BEGIN Excerpted data

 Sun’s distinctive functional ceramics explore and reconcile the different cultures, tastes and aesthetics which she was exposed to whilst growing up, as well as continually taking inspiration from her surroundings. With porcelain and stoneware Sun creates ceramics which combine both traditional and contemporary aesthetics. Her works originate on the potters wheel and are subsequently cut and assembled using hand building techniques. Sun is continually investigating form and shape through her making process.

END Excerpted data
BEGIN Excerpted data

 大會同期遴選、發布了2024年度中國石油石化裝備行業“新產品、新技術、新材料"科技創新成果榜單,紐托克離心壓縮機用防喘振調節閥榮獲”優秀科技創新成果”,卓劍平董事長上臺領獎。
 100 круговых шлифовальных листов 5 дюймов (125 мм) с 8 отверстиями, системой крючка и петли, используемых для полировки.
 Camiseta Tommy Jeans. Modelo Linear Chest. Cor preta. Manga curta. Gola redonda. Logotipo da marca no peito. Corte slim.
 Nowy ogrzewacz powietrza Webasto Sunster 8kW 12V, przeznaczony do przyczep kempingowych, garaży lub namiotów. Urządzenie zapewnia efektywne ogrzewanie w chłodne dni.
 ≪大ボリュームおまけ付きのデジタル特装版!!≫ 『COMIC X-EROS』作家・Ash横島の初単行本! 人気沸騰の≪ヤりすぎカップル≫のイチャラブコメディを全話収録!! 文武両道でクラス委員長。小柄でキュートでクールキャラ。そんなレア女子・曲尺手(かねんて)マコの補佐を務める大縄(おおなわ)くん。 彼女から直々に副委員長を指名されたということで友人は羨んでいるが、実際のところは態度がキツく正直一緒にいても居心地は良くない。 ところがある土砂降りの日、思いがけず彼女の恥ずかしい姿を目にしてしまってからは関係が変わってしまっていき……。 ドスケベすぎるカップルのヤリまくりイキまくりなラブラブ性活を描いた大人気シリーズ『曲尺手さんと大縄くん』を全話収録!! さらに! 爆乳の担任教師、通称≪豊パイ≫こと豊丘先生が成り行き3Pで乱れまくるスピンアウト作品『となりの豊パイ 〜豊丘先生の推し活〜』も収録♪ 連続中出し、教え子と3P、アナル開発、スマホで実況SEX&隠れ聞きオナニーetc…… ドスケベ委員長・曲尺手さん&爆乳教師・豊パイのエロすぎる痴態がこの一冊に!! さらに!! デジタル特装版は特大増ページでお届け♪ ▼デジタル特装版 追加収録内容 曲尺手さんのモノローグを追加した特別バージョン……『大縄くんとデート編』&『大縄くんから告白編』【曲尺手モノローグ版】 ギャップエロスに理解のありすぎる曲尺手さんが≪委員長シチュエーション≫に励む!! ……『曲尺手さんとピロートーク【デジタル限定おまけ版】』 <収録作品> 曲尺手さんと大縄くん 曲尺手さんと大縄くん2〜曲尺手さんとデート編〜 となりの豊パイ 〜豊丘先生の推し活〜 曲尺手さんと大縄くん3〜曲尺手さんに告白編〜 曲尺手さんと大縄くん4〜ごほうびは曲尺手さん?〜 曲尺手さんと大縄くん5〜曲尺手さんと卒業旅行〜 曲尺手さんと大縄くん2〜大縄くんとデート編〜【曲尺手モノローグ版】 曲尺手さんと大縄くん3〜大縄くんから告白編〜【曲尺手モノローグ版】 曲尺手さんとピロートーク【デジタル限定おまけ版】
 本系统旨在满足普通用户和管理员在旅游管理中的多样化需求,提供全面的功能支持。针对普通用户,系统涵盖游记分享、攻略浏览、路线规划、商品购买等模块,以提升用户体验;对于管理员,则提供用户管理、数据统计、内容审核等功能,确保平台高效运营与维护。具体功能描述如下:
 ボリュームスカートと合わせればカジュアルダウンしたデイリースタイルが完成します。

END Excerpted data

▶ **Task directions**: Reproduce the entries above exactly, but only the lines between the line holding "ドスケベ委員長・曲尺手さん&爆乳教師・豊パイのエロすぎる痴態がこの一冊に!! さらに!! デジタル特装版は特大増ページでお届け♪" and the line holding "ボリュームスカートと合わせれ", inclusive.

▶ **Finished task**:
 ≪大ボリュームおまけ付きのデジタル特装版!!≫ 『COMIC X-EROS』作家・Ash横島の初単行本! 人気沸騰の≪ヤりすぎカップル≫のイチャラブコメディを全話収録!! 文武両道でクラス委員長。小柄でキュートでクールキャラ。そんなレア女子・曲尺手(かねんて)マコの補佐を務める大縄(おおなわ)くん。 彼女から直々に副委員長を指名されたということで友人は羨んでいるが、実際のところは態度がキツく正直一緒にいても居心地は良くない。 ところがある土砂降りの日、思いがけず彼女の恥ずかしい姿を目にしてしまってからは関係が変わってしまっていき……。 ドスケベすぎるカップルのヤリまくりイキまくりなラブラブ性活を描いた大人気シリーズ『曲尺手さんと大縄くん』を全話収録!! さらに! 爆乳の担任教師、通称≪豊パイ≫こと豊丘先生が成り行き3Pで乱れまくるスピンアウト作品『となりの豊パイ 〜豊丘先生の推し活〜』も収録♪ 連続中出し、教え子と3P、アナル開発、スマホで実況SEX&隠れ聞きオナニーetc…… ドスケベ委員長・曲尺手さん&爆乳教師・豊パイのエロすぎる痴態がこの一冊に!! さらに!! デジタル特装版は特大増ページでお届け♪ ▼デジタル特装版 追加収録内容 曲尺手さんのモノローグを追加した特別バージョン……『大縄くんとデート編』&『大縄くんから告白編』【曲尺手モノローグ版】 ギャップエロスに理解のありすぎる曲尺手さんが≪委員長シチュエーション≫に励む!! ……『曲尺手さんとピロートーク【デジタル限定おまけ版】』 <収録作品> 曲尺手さんと大縄くん 曲尺手さんと大縄くん2〜曲尺手さんとデート編〜 となりの豊パイ 〜豊丘先生の推し活〜 曲尺手さんと大縄くん3〜曲尺手さんに告白編〜 曲尺手さんと大縄くん4〜ごほうびは曲尺手さん?〜 曲尺手さんと大縄くん5〜曲尺手さんと卒業旅行〜 曲尺手さんと大縄くん2〜大縄くんとデート編〜【曲尺手モノローグ版】 曲尺手さんと大縄くん3〜大縄くんから告白編〜【曲尺手モノローグ版】 曲尺手さんとピロートーク【デジタル限定おまけ版】
 本系统旨在满足普通用户和管理员在旅游管理中的多样化需求,提供全面的功能支持。针对普通用户,系统涵盖游记分享、攻略浏览、路线规划、商品购买等模块,以提升用户体验;对于管理员,则提供用户管理、数据统计、内容审核等功能,确保平台高效运营与维护。具体功能描述如下:
 ボリュームスカートと合わせればカジュアルダウンしたデイリースタイルが完成します。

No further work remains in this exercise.